Terzijde van het station van Wittenberge stuit ik op weer een industrieel monument. De stad is er zo rijk aan. Een groot model halfronde loods voor stoomlokomotieven, met een draaischijf ervoor, een watertank en meer, veel meer.En dan gebeurt wat niet kan wat te toevallig is: er komt een stoomlocomotief aangereden met vijf wagons erachter, en die begint te rangeren.
De geur van stoomlocs, beschrijf hem: rook met verbrande olie, het is m’n vroege jeugd.

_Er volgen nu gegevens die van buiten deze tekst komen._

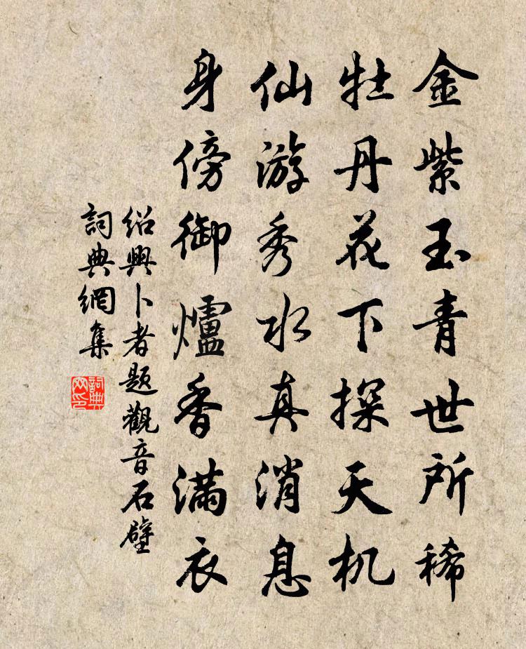 詩詞名句歷史字典書法欣賞書法字典國語詞典說文解字康熙字典古漢語字典標 題 作 者 詩 句 題觀音石壁作者:紹興卜者 朝代:宋代題觀音石壁原文金紫玉青世所稀,牡丹花下探天機。仙遊秀水真訊息,身傍御爐香滿衣。詩詞問答問:題觀音石壁的作者是誰?答:紹興卜者問:題觀音石壁寫於哪個朝代?答:宋代紹興卜者題觀音石壁書法欣賞題觀音石壁書法作品詩詞推薦感懷孟郊〔唐代〕孟冬陰氣交,兩河正屯兵。煙塵相馳突,烽火日夜驚。太行險阻高,挽粟輸連營。奈何操弧者,不使梟巢傾。猶聞風流子(前題)吳文英〔宋代〕溫柔酣紫曲,揚州路、夢繞翠盤龍。似日長傍枕,墮妝偏髻,露濃如酒,微醉敧紅。自別楚嬌天正遠,傾國見吳宮龜堂雜興陸游〔宋代〕二三鄰曲偶相尋,小醉悠然臥竹陰。醒後自看還自笑,溪雲猶未是無心。新喻縣蘇晉叔相會戴復古〔宋代〕偶作榆溪客,還逢橘井仙。多才出人上,笑我老吟邊。買錦囊詩卷,典衣供酒錢。竹林青眼叔,常說仲容賢。春日汎舟南湖因遍游近港坐間書客所攜四扇張鎡〔宋代〕遠近高低錦樹明,直疑春教蝶多情。人間萬事思量盡,只好園居過此生。尾犯佚名〔宋代〕輕風淅淅,正園林蕭索,未回暖律。嶺頭昨夜,寒梅初發,一枝訊息。香苞漸拆。天不許、雪霜欺得。望東吳,驛陪王庶子游後湖涵虛閣徐鉉〔唐代〕懸圃清虛乍過秋,看山尋水上茲樓。輕鷗的的飛難沒,紅葉紛紛晚更稠。次韻毛君偶成蘇轍〔宋代〕年來衰病正相兼,薄宦賓士尚未厭。詩句空多渾漫與,俗緣已重不須添。聱牙向物知難合,疏懶憐公獨未嫌。時聽次常熟縣先君舊所攝宰也袁說友〔宋代〕沖寒一舸下琴川,小纜依依市柳邊。花縣重來聽好語,棠陰深處不論年。釣游頗憶兒童舊,風物徒驚歲月遷。老恐春景呂徽之〔宋代〕前溪凍解綠生波,好雨催花向曉過。宿酒未醒眠未起,半窗紅日鳥聲多。行腳萬壽祺〔清代〕杖缽孤蹤去,淒其驛路間。水喧沂北道,風撼穆南關。飛鳥移前浦,歸雲滿故山。五年江上客,今有幾人還?還至張掖古城,聞東軍告捷,贈韋五虛己陳子昂〔唐代〕孟秋首歸路,仲月旅邊亭。聞道蘭山戰,相邀在井陘。屢斗關月滿,三捷虜雲平。漢軍追北地,胡騎走南庭。君為喜知命弟自青原歸黃庭堅〔宋代〕為吏困米鹽,曲肱夢靈泉。諒非調鼎手,正覺荷鋤便。在公雖勤苦,歸喜叔山禪。去我忽數日,草蟲傍床煎。屋角諒公洞庭孤橘歌顧況〔唐代〕不種自生一株橘,誰教渠向階前出,不羨江陵千木奴。下生白蟻子,上生青雀雛。飛花檐卜旃檀香,結實如綴摩尼余臥疾深村聞一二郎官今稱繼使閩越笑余迂古…因成此篇韓偓〔唐代〕枕流方采北山薇,驛騎交迎市道兒。霧豹只憂無石室,泥鰍唯要有洿池。不羞莽卓黃金印,卻笑羲皇白接罒離。莫四月八日三絕劉克莊〔宋代〕九龍吐香水,茲事已千秋。道是本無垢,年年浴未休。敲爻歌呂岩〔唐代〕漢終唐國飄蓬客,所以敲爻不可測。縱橫逆順沒遮欄,靜則無為動是色。也飲酒,也食肉,守定胭花斷淫慾。行歌丙寅十四首效韋蘇州黃庭堅〔宋代〕少小尚狷介,與人常不款。置身稍雍容,遇酒輒引滿。自是鶴長足,難齊鳧脛短。贈陳起劉克莊〔宋代〕陳侯生長紛華地,卻以芸香自沐薰。鍊句豈非林處士,鬻書莫是穆參軍。雨檐兀坐忘春去,雪案清談至夜分。何日聽歌六絕句。離別難白居易〔唐代〕綠楊陌上送行人,馬去車回一望塵。不覺別時紅淚盡,歸來無淚可沾巾。名句推薦待人宜寬,惟待子孫不可寬;行禮宜厚,惟行嫁娶不必厚。王永彬《圍爐夜話·第一七八則》 髻子傷春慵更梳。晚風庭院落梅初。李清照《浣溪沙·髻子傷春慵更梳》 鳳林關里水東流,白草黃榆六十秋。張籍《涼州詞三首·其三》 但願蒼生俱飽暖,不辭辛苦出山林。于謙《詠煤炭》 鳥飛反鄉,兔走歸窟,狐死首丘,寒將翔水,各哀其所生。劉安及其門客《淮南子·說林訓》 夢裡不知身是客,一晌貪歡。李煜《浪淘沙令·簾外雨潺潺》 危橋屬幽徑,繚繞穿疏林。柳宗元《巽公院五詠·苦竹橋》 卓眾來東下,金甲耀日光。蔡琰《悲憤詩》 林外鳴鳩春雨歇,屋頭初日杏花繁。歐陽修《田家》 故國神遊,多情應笑我,早生華髮。蘇軾《念奴嬌·赤壁懷古》

Hier ontdek ik dat er morgen een groot stoomfeest, een ‘Bahnerlebnis’ is in Wittenberge, georganiseerd door de vereniging die hier om me heen staat ’Historischer Lokschuppen Wittenberge e.V.’
En ik word meegetroond, als Hollandse journalist, eerst met de jonge stoker op de loc, die nog in de jaren ’70 in de DDR heeft gereden.
Ik bovenop een stoomloc, nooit eerder gebeurd. Eerst het laddertje op, dan de ijzeren klapdeurtjes, dan het vuur. En, wat ziet de wereld er hierboven anders uit.
En dan door de machinist die al 48 jaar stoom rijdt: ‘Wat er ook gebeurt, als er maar stoom is.’
Hij is 70. Ik geef hem gelijk, zwarte vingers hebben we nu allebei.
En die geur, die verlaat je nooit.
Morgen dus.
Ik wandel de nacht in, laat het geluk van stoom achter me.